Both the older Witts lived long, full lives. Grandma fell on the stairs to the basement and broke a hip when she was about ninety. She never fully recovered from the accident and always used a walker, gradually declining with loss of hearing and sight until I think she just lost the will to go on. She passed away on July 9, 1990. Grandpa lived on and even survived both of his children who were stricken by cancer. I am sure that was hard and sad for him but he had a goal to live to be a hundred and he did so. My husband and I attended his hundredth birthday celebration in June 1997. At that time one would have thought he was seventy five, still very sharp mentally and reasonably active. However, he went downhill quickly after that and went to join his family on April 17, 1998 at a hundred years and ten months of age. He was a very remarkable man and I feel so honored to claim
Robert Witt--100
him as an ancestor.

Well, the Morgan grandparents were fine folks also. Although they never met, Grandpa Witt and Grandpa Morgan knew of each other by reputation through the railroads where both were deeply respected and admired by all who worked with them. The two grandmas were not without some flaws but both were admirable women, totally loyal to and supportive of their men and did their best to raise their children to be good citizens and decent folks.

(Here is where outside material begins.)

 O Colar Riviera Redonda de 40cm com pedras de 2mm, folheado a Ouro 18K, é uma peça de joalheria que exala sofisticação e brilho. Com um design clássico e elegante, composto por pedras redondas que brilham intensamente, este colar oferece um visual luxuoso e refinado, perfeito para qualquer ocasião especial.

The Witts were said to have come to the Colonies well before the establishment of the nation, Huguenots fleeing persecution in France. Likely the name had been DeWitt. Anyway, two brothers Peter and John settled first in Virginia and later their descendants moved on to Kentucky. They both had sons named Peter and John. Coupled with a fire that destroyed many of the records in the area where they initially lived, it is hard to follow the lineage exactly but a Silas Witt, probably a grandson of one of them, was granted land near Boonesborough for his role in the Revolutionary War.  From there the family tree is fairly clear.

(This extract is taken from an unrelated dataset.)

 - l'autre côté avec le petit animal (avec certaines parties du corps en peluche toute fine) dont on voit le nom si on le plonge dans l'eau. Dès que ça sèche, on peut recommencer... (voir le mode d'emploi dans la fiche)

The Wilcoxes apparently came from Wales where they were called Willcockson and associated with the lord of Powys Castle. They intermarried with some Irish settlers and had been in Kentucky for a very long time. All the female lines are much harder to trace. Like most northern Europeans who settled in America, the old Celtic matrilineal customs were long gone and women were just the “brood mares” to help men perpetuate their lines! This offends modern me but I know the history and accept that what was, is and cannot be changed.  I do know I am a good bit Irish and some Welsh on both sides with a bit of English, Scots and perhaps French scattered through the mix. Not a bad stew but it doesn’t matter greatly to me. I am more concerned with the closer part of my family tree and respect those ancestors and appreciate the gifts they passed to me.